I have tried to outline one possible approach to the problem of re-categorising jobs, starting from the ESCO framework and defining distances based how similar essential and optional skills for said jobs are. I have described a simple implementation and created a visual output that gives an immediate idea of the potential of this method.

Advantages The framework is quite intuitive, and pretty flexible. The possibility to implement a custom distance and choose the thresholds would make it possible to create a user-friendly interface (for example using ShinyApp/flexidashboards) to explore the job landscape under this new lens. While this notebook has been written using rmarkdown and the R language, the method is clearly platform-free, and everything needed to implement it (maybe even better) already exists in Python and other widely used languages.

Limitations The implementation is very raw, there is certainly scope for improvements there. Moreover, the choice of which distance to use is critical: as we are trying to measure something as complex as how similar two sets of skills are (and possibly more than two), the way we choose to do this will determine the meaningfulness of the whole thing. Computational issues pertain the computation of pairwise distances for a large number of jobs, which - however - would only need to be done once, and can certainly optimised by writing a loop in a lower-level language such as C++ or similar.

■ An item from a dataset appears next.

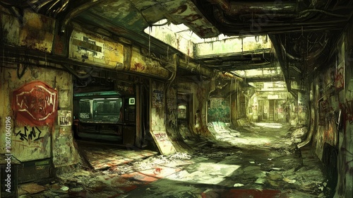 Decaying futuristic corridor, overgrown with vines and graffiti.

On a side note, there is an \(\texttt{R}\) package by the name of \(\texttt{labourR}\) that provides a host of functions to deal with the ESCO data, which “Includes the ESCO corpus and the respective ESCO to ISCO mappings. Allows a user to enter multilingual free-form text and receive its classification in the ESCO-ISCO hierarchy. Computations are fully vectorized and memory efficient. Includes facilities to assist research in text mining of labour market data.” (quote from the package vignette). I haven’t explored it too much, as I wanted to give this a go on my own, but it looks interesting.

Oh, also, I couldn’t resist and created a wee interactive version of the above, you can find it here. :)

Thanks for getting to the bottom of this!